Ben Ari attacked his own current party and noted that in today’s reality “they know that the brand ‘Ben Ari’ is worth more than the two or three votes that each one of them would bring. Wherever I go, I take with me my 40-50 thousand votes. This is why they have to have me inside, but they want me at the tail end, so they throw me down to the 8th ot 9th spot? Why, am I their tail to wag with? My ideology is not good enough to be uttered on the leadership level of such a united list? Then my answer is an unequivocal no.”

“We will announce our independent run, and will provide the public with the details,” MK Ben Ari proclaimed, adding: “It Should be noted that my running separately will add to our power among audiences they have never reached.”

Ben Ari and right-wing activist Baruch Marzel are hoping to attract MK Aryeh Eldad to join them in their new, independent party. The National Union, with 4 MKs, is comprised of three separate parties, one of which does not have an MK.

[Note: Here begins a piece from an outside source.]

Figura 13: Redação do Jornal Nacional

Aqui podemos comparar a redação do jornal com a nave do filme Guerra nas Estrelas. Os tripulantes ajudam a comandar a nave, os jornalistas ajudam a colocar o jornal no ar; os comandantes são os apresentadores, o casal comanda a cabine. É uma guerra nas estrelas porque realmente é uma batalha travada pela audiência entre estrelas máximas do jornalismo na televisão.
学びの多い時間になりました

Meanwhile, National Union chairman Yaakov “Ketzaleh” Katz has been trying to persuade—by some accounts, or strong arm—by others, his potential partners and their voters at the Jewish Home party, heir of the historic National Religious Party (NRP), to stay away in their primary vote from one of the candidates for party chairman, MK Zevulun Orlev.

In an interview Ketzale gave the magazine BeSheva (which is owned by his political base in the town of Beit El), the National Union chair said “Zevulun Orlev did not allow the uniting of our two parties for three years now, despite dozens of conversations we conducted with him. He prevented the move, and even when MK Orbach (current chair of Jewish Home) signed a partnership with us, he did so over Orlev’s objection. Science Minister Daniel Hershkowitz was ready for signing, as was Naftali Bennett, who has actually signed a joint document.”

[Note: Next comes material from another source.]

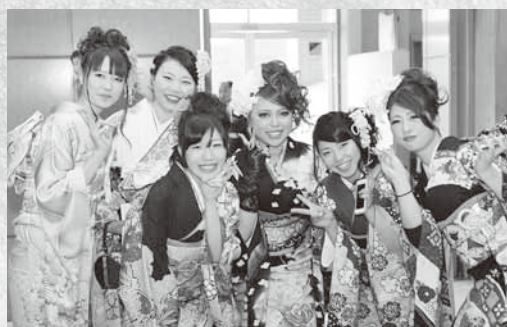
華やかな振り袖に身を包む新成人

MK Katz pointed out that virtually every National Religious voter favors a united list for the coming elections, but because of MK Orlev their wishes have been quashed.

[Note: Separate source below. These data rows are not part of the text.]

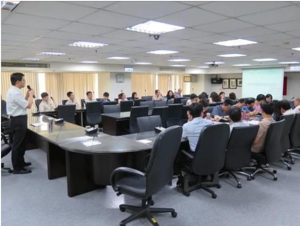
「個資保護與資訊安全」專題演講情形(1)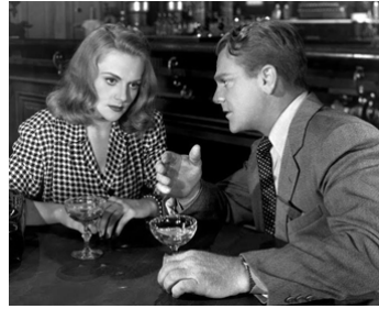
1948 LE BAR AUX ILLUSIONS (The Time of your Life) d'H. C. Potter avec Jeanne Cagney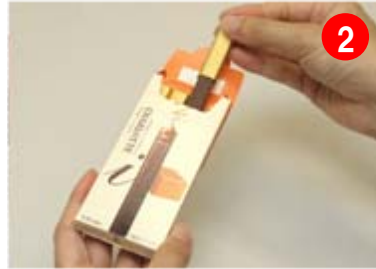
包装紙を引っ張る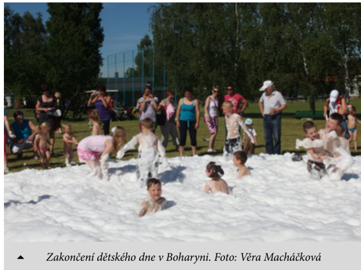
▲ Zakončení dětského dne v Boharyni.

“If we had been united since three years ago, today we could have been in the midst of a great movement forward, which would have been joined by a large group of voters.”

MK Orlev’s circle accused Katz of trying to influence the democratic process in Jewish Home, which is holding its primaries in November. Chairman of the census committee of Religious Zionist voters, Rabbi Danny Trooper, was also critical of MK Katz.

Rabbi Tropper told the website Srugim that “Ketzale is committing gross and improper interference in the affairs of another party, which is conducting a democratic process” that is already showing results in a bump to 5 projected seats in the polls published today and yesterday, “while the National Union, which refused to participate in the primaries for the leadership of Religious Zionism, has been weakened to the brink of barely getting past the two-seat threshold.”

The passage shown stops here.